** Source data follows **

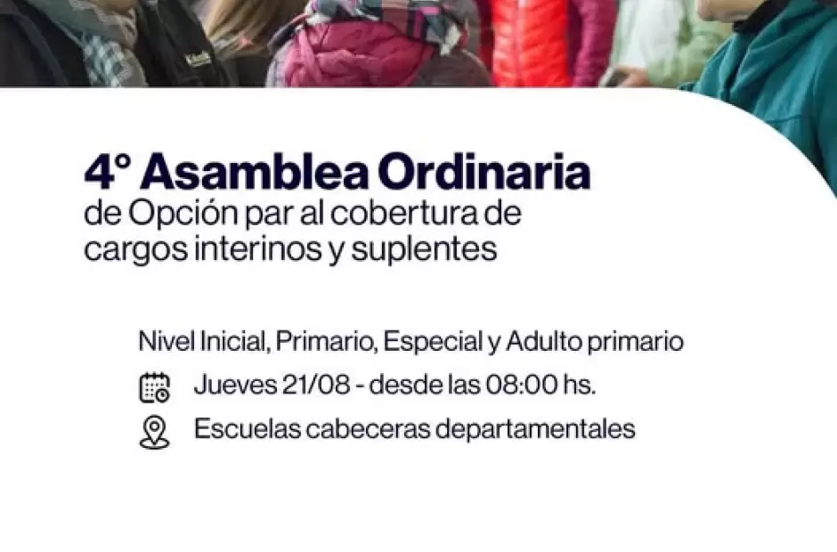 La asamblea se llevará a cabo el jueves 21 de agosto en las Escuelas cabeceras departamentales habilitadas en toda la provincia. En el encuentro, los educadores podrán optar por los cargos disponibles para el ciclo lectivo en curso.
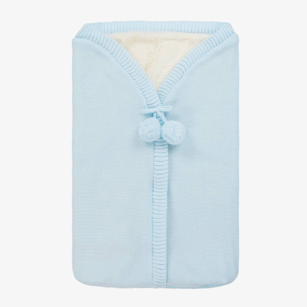 Super snuggly, knitted baby nest for boys and girls by Spanish brand Mebi, in a lovely light blue shade. It is lined in luxuriously soft ivory plush faux fur to keep your little one cosy and has a concealed front zip fastening. There are ribbed trims and decorative pom-poms on the front.
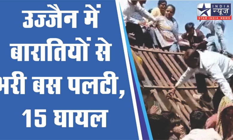 उज्जैन में बारातियों से भरी बस पलटी, 15 घायल:सड़क निर्माण के बीच ओवरटेक करने से हादसा, इंदौर से खाचरोद जा रही थी
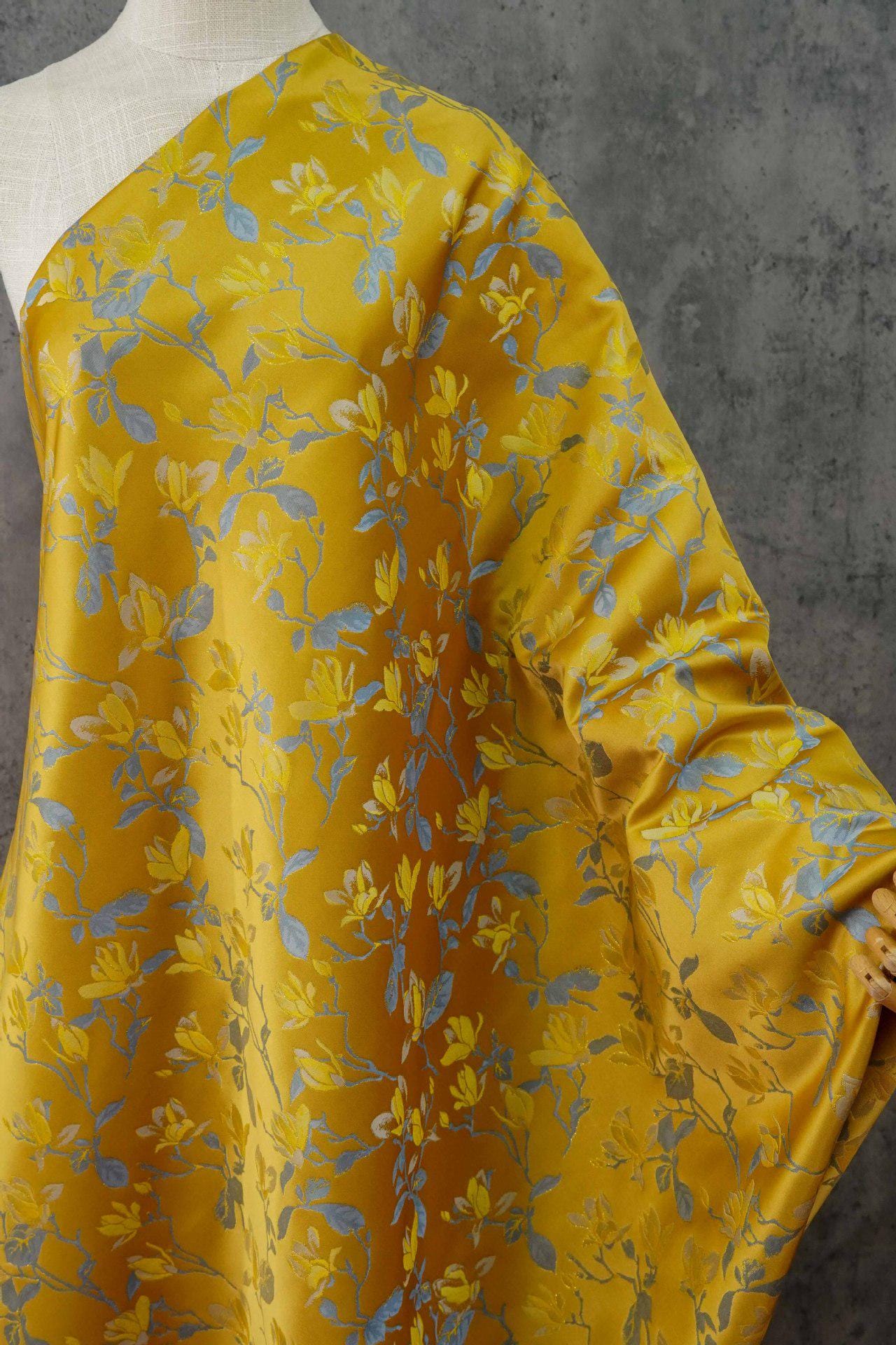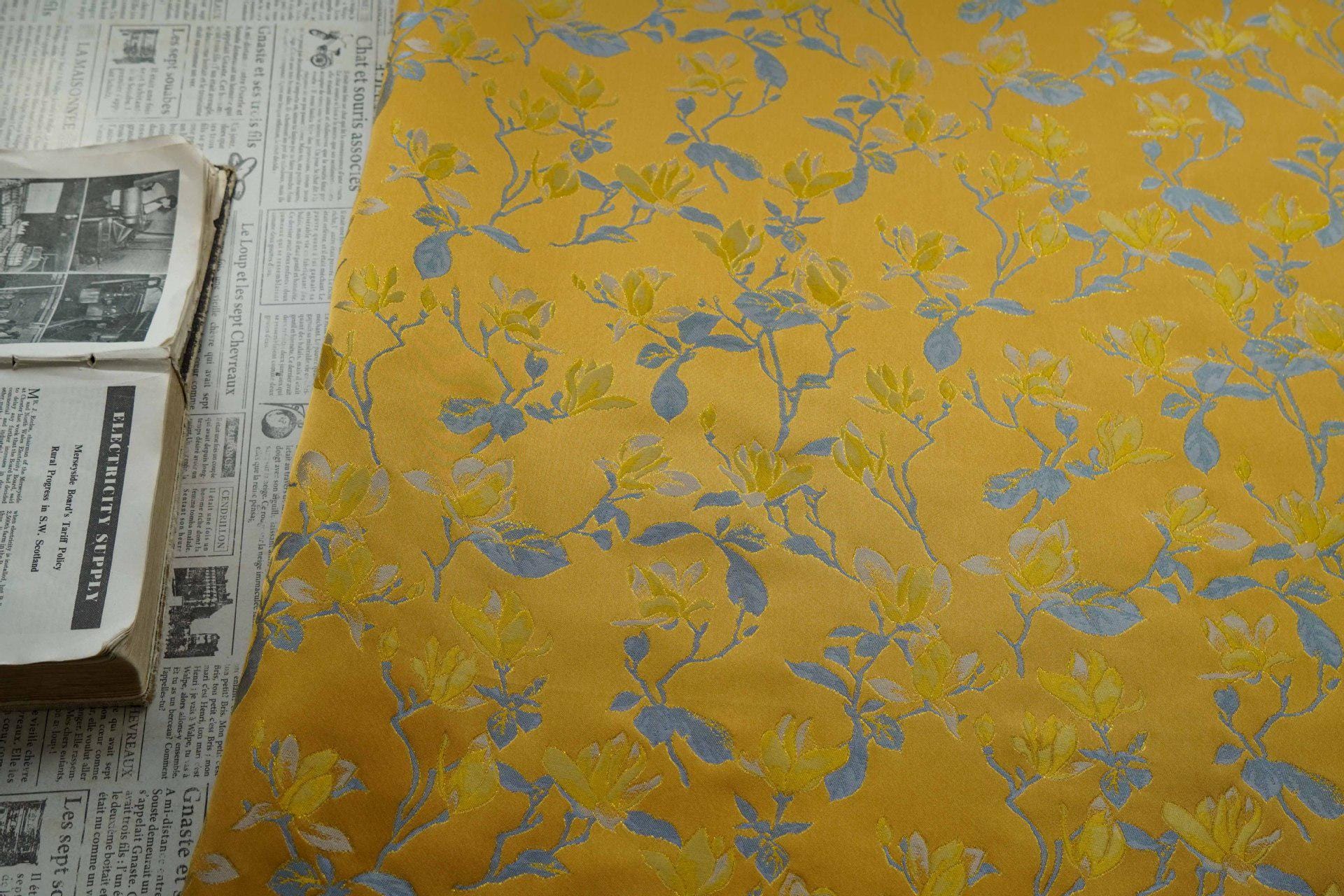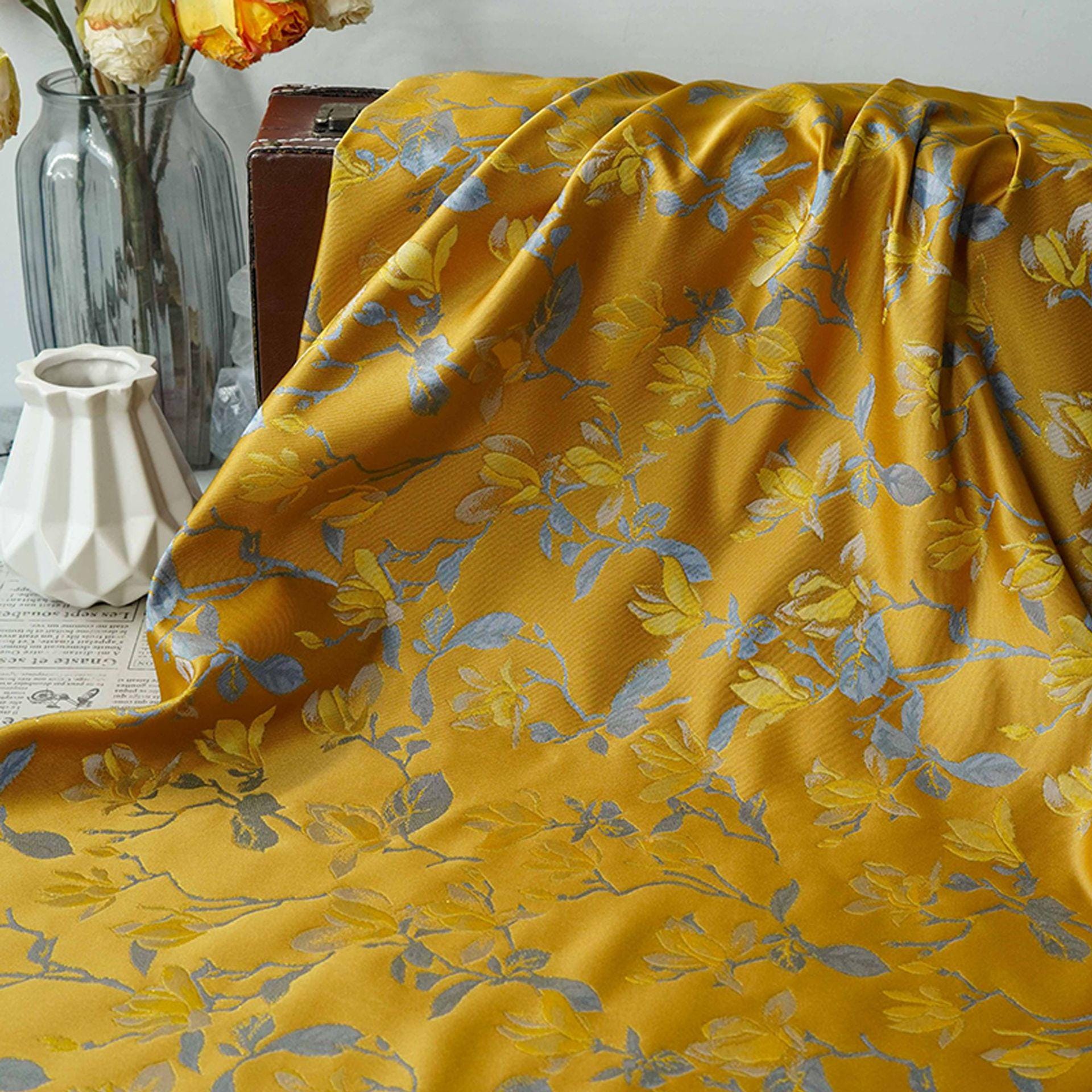 Yellow Magnolia Double-Sided Jacquard Upholstery Fabric ��� Elegant Home Decor Material by the Ya"Wide

** End of Source data **

Reproduce the listing exactly, but keep its images out of the copy.

 La asamblea se llevará a cabo el jueves 21 de agosto en las Escuelas cabeceras departamentales habilitadas en toda la provincia. En el encuentro, los educadores podrán optar por los cargos disponibles para el ciclo lectivo en curso.
 Super snuggly, knitted baby nest for boys and girls by Spanish brand Mebi, in a lovely light blue shade. It is lined in luxuriously soft ivory plush faux fur to keep your little one cosy and has a concealed front zip fastening. There are ribbed trims and decorative pom-poms on the front.
 उज्जैन में बारातियों से भरी बस पलटी, 15 घायल:सड़क निर्माण के बीच ओवरटेक करने से हादसा, इंदौर से खाचरोद जा रही थी
 Yellow Magnolia Double-Sided Jacquard Upholstery Fabric ��� Elegant Home Decor Material by the Ya"Wide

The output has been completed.